I recently found myself engaged in what initially seemed like redundant small-talk till it spiralled into a heated and somewhat necessary “argument”.
A well-spoken, well-dressed; pretty much well put-together black gentleman decided to call me out on my preference for weaves after what I suppose was him feeling slighted by my rejection of his inappropriate advances. According to him, I am a sell-out for advocating societal ideals of what a woman should look like if she is to be deemed beautiful in the Western context. I “needed to embrace my ethnicity and cultural values more”. Fair enough.
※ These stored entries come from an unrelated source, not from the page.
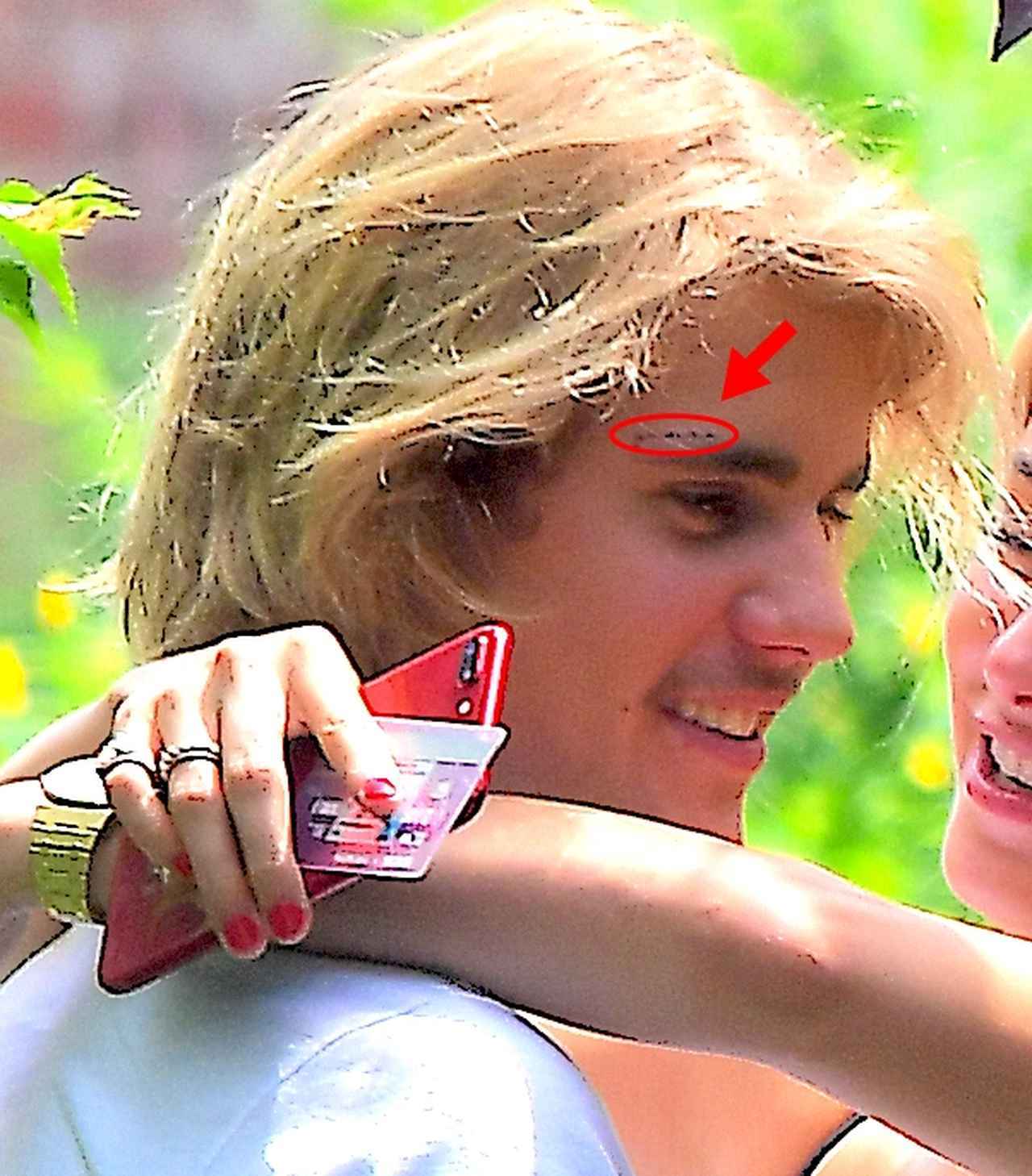 これらの写真をめぐって、ジャスティンのファンからは「傷口を縫ったあとのように見える」「眉毛の剃り残しでは?」「あれは絶対にタトゥー」など様々な意見が出ているが、先日、ジャスティンが以前からひいきにしている彫師のもとを訪れていたことから、上の写真に写る「黒い点々」の正体がタトゥーである可能性は十分にある。
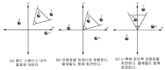 이때 월드에 대한 관점이 바뀌지 않도록 하기 위해서는 카메라에 맞추어 월드 내의 모든 기하물체를 변환해야 하는데, 이와 같은 변환을 뷰스페이스 변환이라 하며, 이변환을 거친 뒤의 기하물체는 뷰스페이스 내에 위치한다.
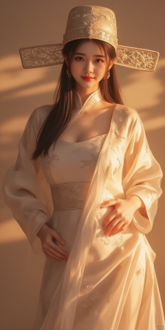 A radiant Asian woman, hat,visibly pregnant, stands tall with a warm, inviting smile. Soft, gradient lighting envelops her, casting a golden glow on her features. Her full figure exudes joy and vitality as she confidently poses against a subtle background. Gentle contour lights dance across her skin, infusing her with an otherworldly softness. The artful composition captures the essence of motherhood, distilling its beauty into a single, award-winning frame.Chinese clothes

I guess my mistake was assuming that the lesson on black consciousness and emancipation from the clasps of the white man was more of a discussion than an instruction. The self-satisfied expression on his face vanished as quickly as it had appeared when I decided to mention a few of my observations about him; such as his German-manufactured vehicle, his iPhone and Nike garb, the fact that he chose to address me in the Queen’s language (and introduce himself to me as ‘Mike’) as opposed to his mother’s tongue, his preference for American music – basically, his overall bulk consumption of Western culture, much to the delight of our spectators. “Pabi, boma ye!” I imagined them chanting.
You see, nothing is more pretentious than “new money”. However, I feel it’s necessary that I rephrase that statement for this piece: Nothing is more pretentious than a fairly educated darkie who’s acquired enough money to get out the hood. The snobbish behaviour displayed by this lot is something to marvel at. I can say that because for one, I am a black woman myself, a very proud one at that (so I kinda know what I’m talking about); and secondly, if I so much as dared to call, say, White people a group of charlatans, I’d be a racist, prejudiced and a promoter of hate speech – woe unto anybody who is seen in that light in this, our rainbow nation.
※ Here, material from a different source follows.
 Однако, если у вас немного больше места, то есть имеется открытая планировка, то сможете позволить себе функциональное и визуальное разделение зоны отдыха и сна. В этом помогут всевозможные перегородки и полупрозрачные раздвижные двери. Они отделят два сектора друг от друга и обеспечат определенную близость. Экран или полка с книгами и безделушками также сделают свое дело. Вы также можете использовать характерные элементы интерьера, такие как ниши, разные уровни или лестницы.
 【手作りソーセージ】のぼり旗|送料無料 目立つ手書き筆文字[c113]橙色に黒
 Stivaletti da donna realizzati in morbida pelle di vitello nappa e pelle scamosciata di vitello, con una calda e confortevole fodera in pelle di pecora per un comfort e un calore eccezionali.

The problem arises when, despite your education, and your money, and your false sense of authority and/or superiority, and your blatant arrogance, etc., your latent ignorance still gets in the way of the actual level of black consciousness and emancipation we as a people should be striving towards – one that the late Bantu Steven Biko had envisioned. The double-standards really need to stop. The truest form of truth is that no amount of “twanging” can conceal ignorance. We see right through you.